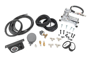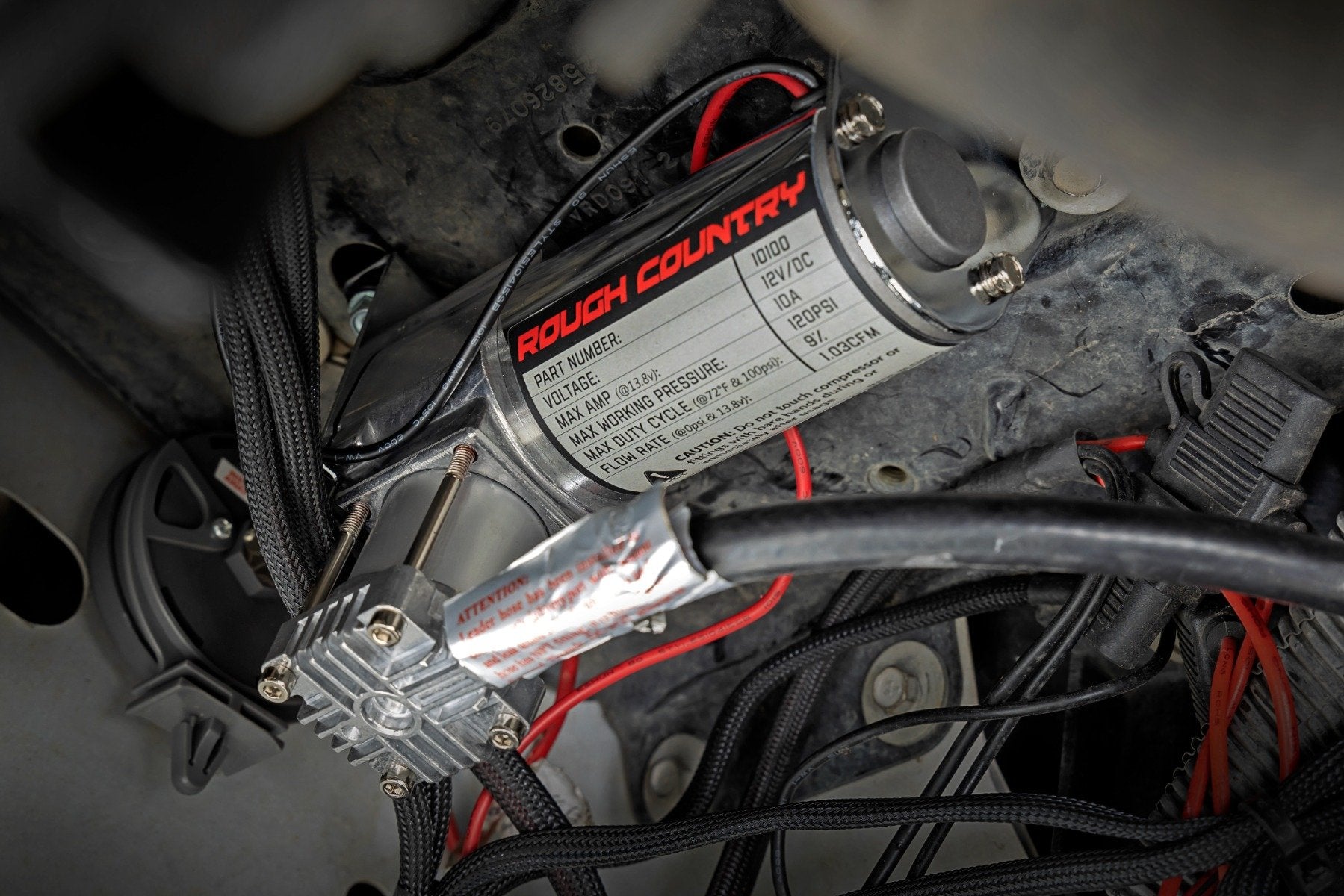 Air Up and Go with Rough Country. You never know when you're going to need a bit more air in your springs and with Rough Country's Air Bag Compressor Kit, you will have an instant source of air for inflation. Our kit allows you to adjust the air pressure in your air springs from the touch of a button, so you can easily adjust the load support and leveling capacity of your vehicle. And let's face it, the extra convenience is always a plus!\Heavy-Duty and Reliable. The Air Compressor Kit is moisture and dust-resistant, and it comes with a high-pressure leader hose. Our heavy-duty compressor has a recommended max working pressure of 120 PSI. In addition, it includes a gauge and all necessary wiring and air line to tie into your existing Rough Country Air Spring Kit. So, your vehicle's air springs can be adjusted at any time without having to look for an air source. And thanks to the low-pressure sensor, you can be sure that your air springs are always correctly inflated.\Installation. This easy-to-install kit includes all the hardware you need to get up and running, as well as wiring and air line to tie into your existing setup. Plus, it mounts easily to your vehicle's frame so that you can be on your way in no time.\Warranty. Rough Country's Onboard Air Compressor Kit is backed with a limited lifetime warranty towards manufacturer defects. With our industry-leading warranty, give yourself peace of mind when using Rough Country's products!
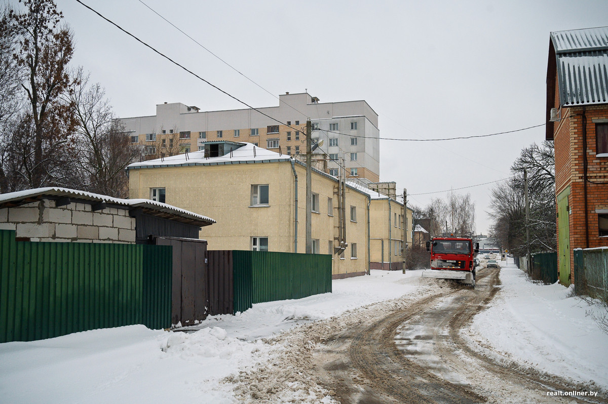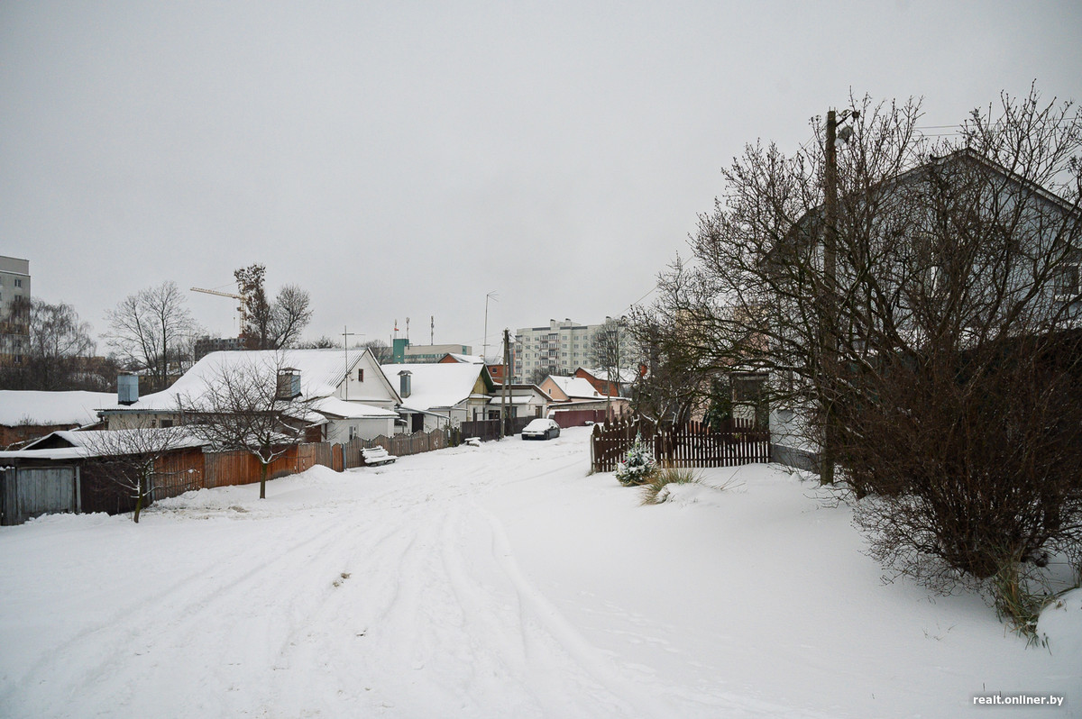Далеко не уезжаем. Поворачиваем с Серова на Любанскую и оказываемся в новом квартале под застройку. О планах освоить участок в границах улиц Пирогова, 2-й пер. Пирогова и Любанской стало известно только в начале декабря прошлого года. Объект, как это обычно и бывает в последнее время, с «отягощением». Пока это не стройплощадка, а вполне жилой уголок: здесь стоят усадьбы и двухэтажки.
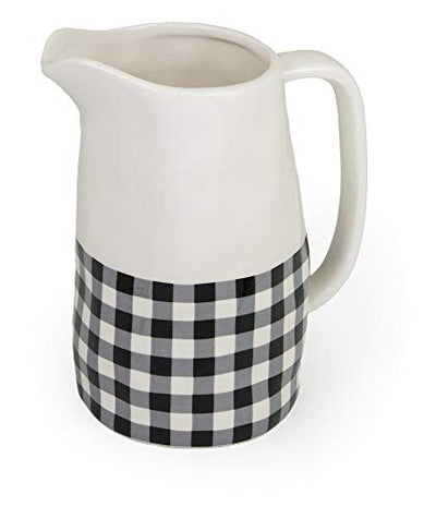 Boston International Ceramic Drink Pitcher, 5.5 Cups, Black & White Check
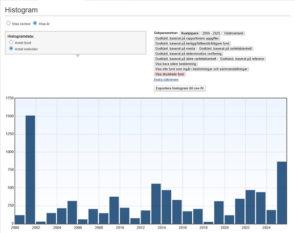 Kustpipare rastar relativt sällan och då oftast med enstaka exemplar eller små grupper. De största (minst 20 ex.) ansamlingarna av rastande under perioden 2000-2025:

::::::::::

WHAT THIS TASK INVOLVES: Please print the entire listing again exactly, minus its images.

OUTPUT BELOW:
 Air Up and Go with Rough Country. You never know when you're going to need a bit more air in your springs and with Rough Country's Air Bag Compressor Kit, you will have an instant source of air for inflation. Our kit allows you to adjust the air pressure in your air springs from the touch of a button, so you can easily adjust the load support and leveling capacity of your vehicle. And let's face it, the extra convenience is always a plus!\Heavy-Duty and Reliable. The Air Compressor Kit is moisture and dust-resistant, and it comes with a high-pressure leader hose. Our heavy-duty compressor has a recommended max working pressure of 120 PSI. In addition, it includes a gauge and all necessary wiring and air line to tie into your existing Rough Country Air Spring Kit. So, your vehicle's air springs can be adjusted at any time without having to look for an air source. And thanks to the low-pressure sensor, you can be sure that your air springs are always correctly inflated.\Installation. This easy-to-install kit includes all the hardware you need to get up and running, as well as wiring and air line to tie into your existing setup. Plus, it mounts easily to your vehicle's frame so that you can be on your way in no time.\Warranty. Rough Country's Onboard Air Compressor Kit is backed with a limited lifetime warranty towards manufacturer defects. With our industry-leading warranty, give yourself peace of mind when using Rough Country's products!
Далеко не уезжаем. Поворачиваем с Серова на Любанскую и оказываемся в новом квартале под застройку. О планах освоить участок в границах улиц Пирогова, 2-й пер. Пирогова и Любанской стало известно только в начале декабря прошлого года. Объект, как это обычно и бывает в последнее время, с «отягощением». Пока это не стройплощадка, а вполне жилой уголок: здесь стоят усадьбы и двухэтажки.
 Boston International Ceramic Drink Pitcher, 5.5 Cups, Black & White Check
 Kustpipare rastar relativt sällan och då oftast med enstaka exemplar eller små grupper. De största (minst 20 ex.) ansamlingarna av rastande under perioden 2000-2025:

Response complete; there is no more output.